Today is Friday, May 9, the 129th day of 2025. There are 236 days left in the year.

Today in history:

On May 9, 1960, the U.S. Food and Drug Administration conditionally approved Enovid for use as the first oral contraceptive pill.

Also on this date:

In 1754, the famous political cartoon “Join or Die” was first published by Benjamin Franklin in the Pennsylvania Gazette newspaper.

In 1914, President Woodrow Wilson, acting on a joint congressional resolution, signed a proclamation designating the second Sunday in May as Mother’s Day.

In 1951, the U.S. conducted its first thermonuclear experiment as part of Operation Greenhouse by detonating a 225-kiloton device (nicknamed “George”) on Enewetak Atoll in the Pacific Ocean.

In 1974, the House Judiciary Committee opened public hearings on whether to recommend the impeachment of President Richard Nixon. (The committee ultimately adopted three articles of impeachment against the president, who resigned before the full House took up any of them.)
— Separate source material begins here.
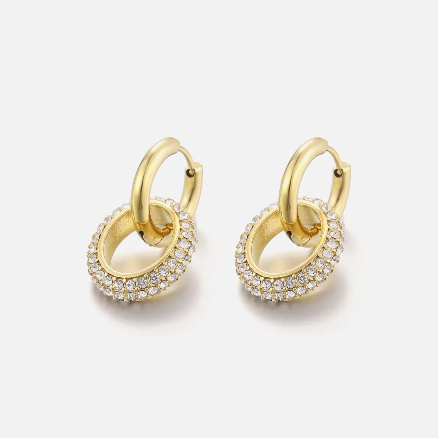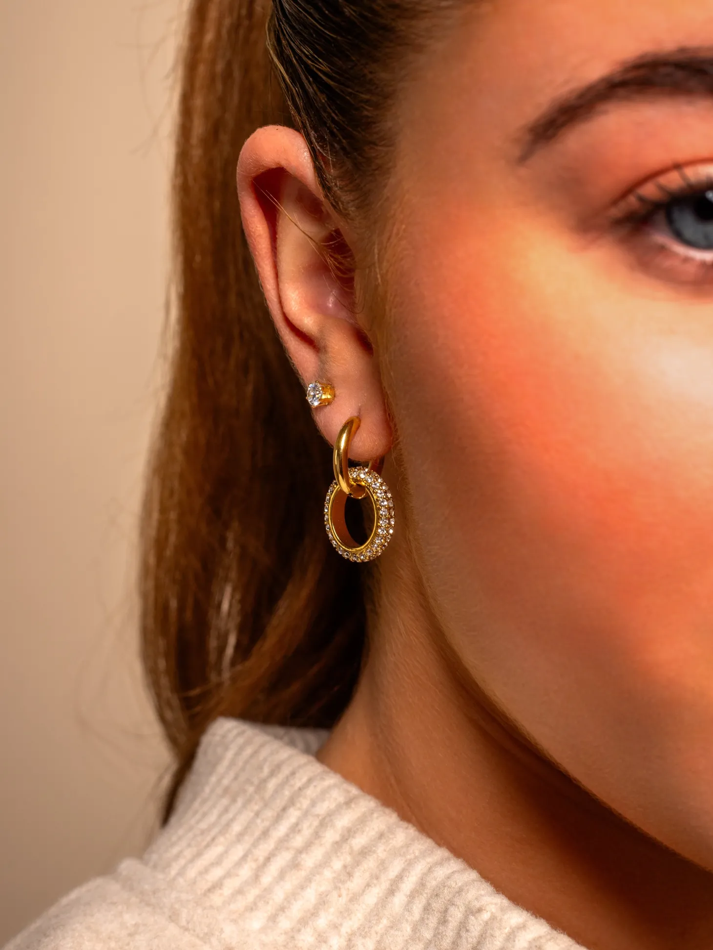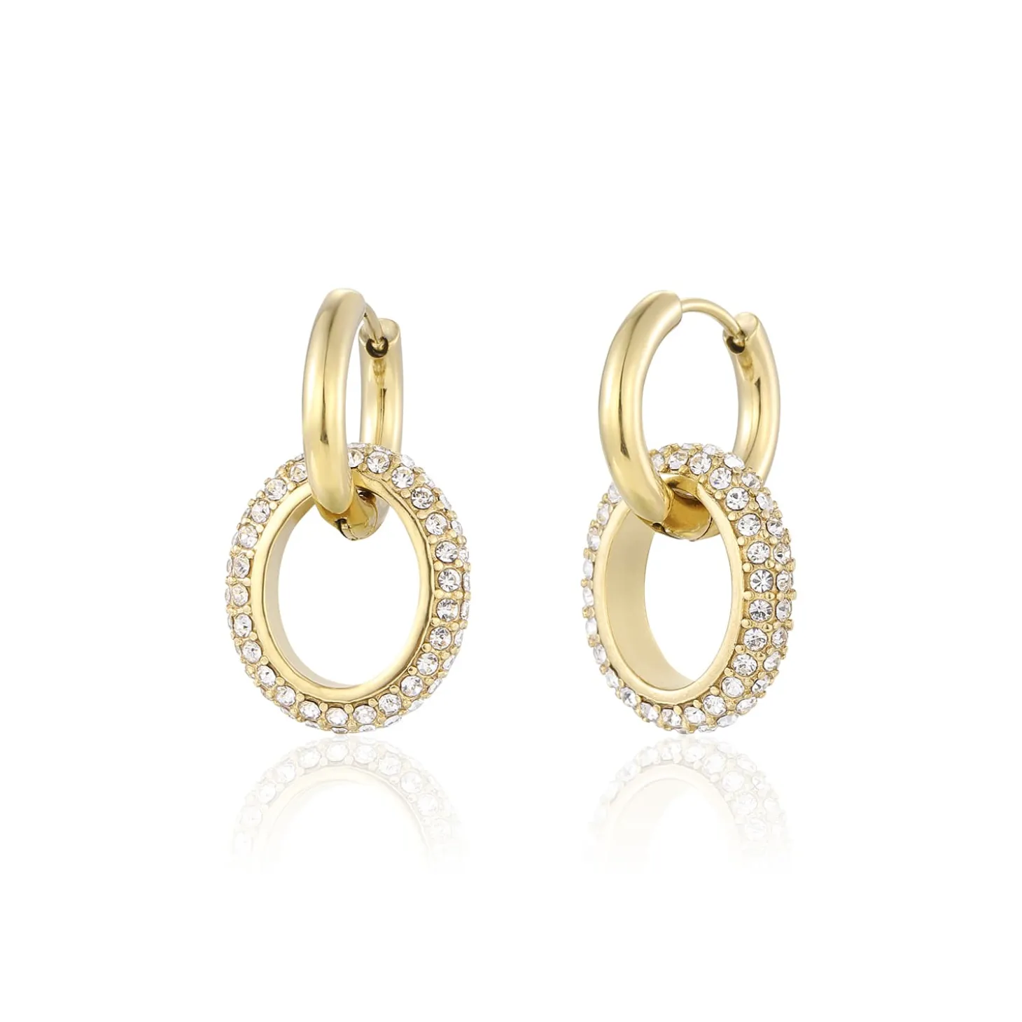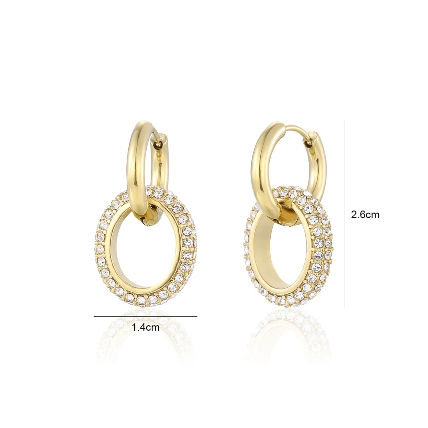 Gouden Hoops met steentjes ring. De oorbel is 2.6cm lang. Gemaakt van hoogwaardig stainless steel.

In 1980, 35 people were killed when a freighter rammed the Sunshine Skyway Bridge over Tampa Bay in Florida, causing a 1,300-foot section of the southbound span to collapse.

In 2019, Pope Francis issued a groundbreaking new church law requiring all Catholic priests and nuns to report clergy sexual abuse and cover-ups by their superiors to church authorities.

In 2023, a jury found Donald Trump liable for sexually abusing advice columnist E. Jean Carroll in 1996, awarding her $5 million in damages.